Requirement:
Your response should be an exact reproduction of the data below, beginning at the line containing "Картина на холсте" and ending with the final line.

Dataset content:
---
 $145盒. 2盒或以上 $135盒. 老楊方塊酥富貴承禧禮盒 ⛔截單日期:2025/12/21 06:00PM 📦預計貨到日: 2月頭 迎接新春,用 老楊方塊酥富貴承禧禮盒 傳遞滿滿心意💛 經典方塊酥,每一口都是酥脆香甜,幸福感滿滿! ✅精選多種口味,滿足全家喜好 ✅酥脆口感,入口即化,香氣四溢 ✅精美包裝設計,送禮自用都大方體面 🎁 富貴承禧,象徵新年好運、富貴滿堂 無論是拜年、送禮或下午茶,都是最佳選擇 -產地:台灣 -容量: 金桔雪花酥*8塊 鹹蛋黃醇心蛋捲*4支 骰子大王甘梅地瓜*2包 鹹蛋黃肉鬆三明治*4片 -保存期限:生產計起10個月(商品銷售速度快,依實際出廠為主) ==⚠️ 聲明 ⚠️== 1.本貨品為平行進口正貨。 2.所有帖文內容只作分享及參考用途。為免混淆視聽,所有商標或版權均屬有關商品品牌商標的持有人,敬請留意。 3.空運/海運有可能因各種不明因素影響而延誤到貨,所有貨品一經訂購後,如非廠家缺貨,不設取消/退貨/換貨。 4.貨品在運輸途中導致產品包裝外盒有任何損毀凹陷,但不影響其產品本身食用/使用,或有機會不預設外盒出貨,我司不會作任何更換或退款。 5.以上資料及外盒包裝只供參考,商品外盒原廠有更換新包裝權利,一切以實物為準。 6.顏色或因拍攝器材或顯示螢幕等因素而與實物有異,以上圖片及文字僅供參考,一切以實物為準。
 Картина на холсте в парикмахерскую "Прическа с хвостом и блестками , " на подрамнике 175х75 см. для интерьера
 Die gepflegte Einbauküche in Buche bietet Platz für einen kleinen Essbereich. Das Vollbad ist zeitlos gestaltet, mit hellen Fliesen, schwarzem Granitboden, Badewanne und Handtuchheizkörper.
---
Your response:
 Картина на холсте в парикмахерскую "Прическа с хвостом и блестками , " на подрамнике 175х75 см. для интерьера
 Die gepflegte Einbauküche in Buche bietet Platz für einen kleinen Essbereich. Das Vollbad ist zeitlos gestaltet, mit hellen Fliesen, schwarzem Granitboden, Badewanne und Handtuchheizkörper.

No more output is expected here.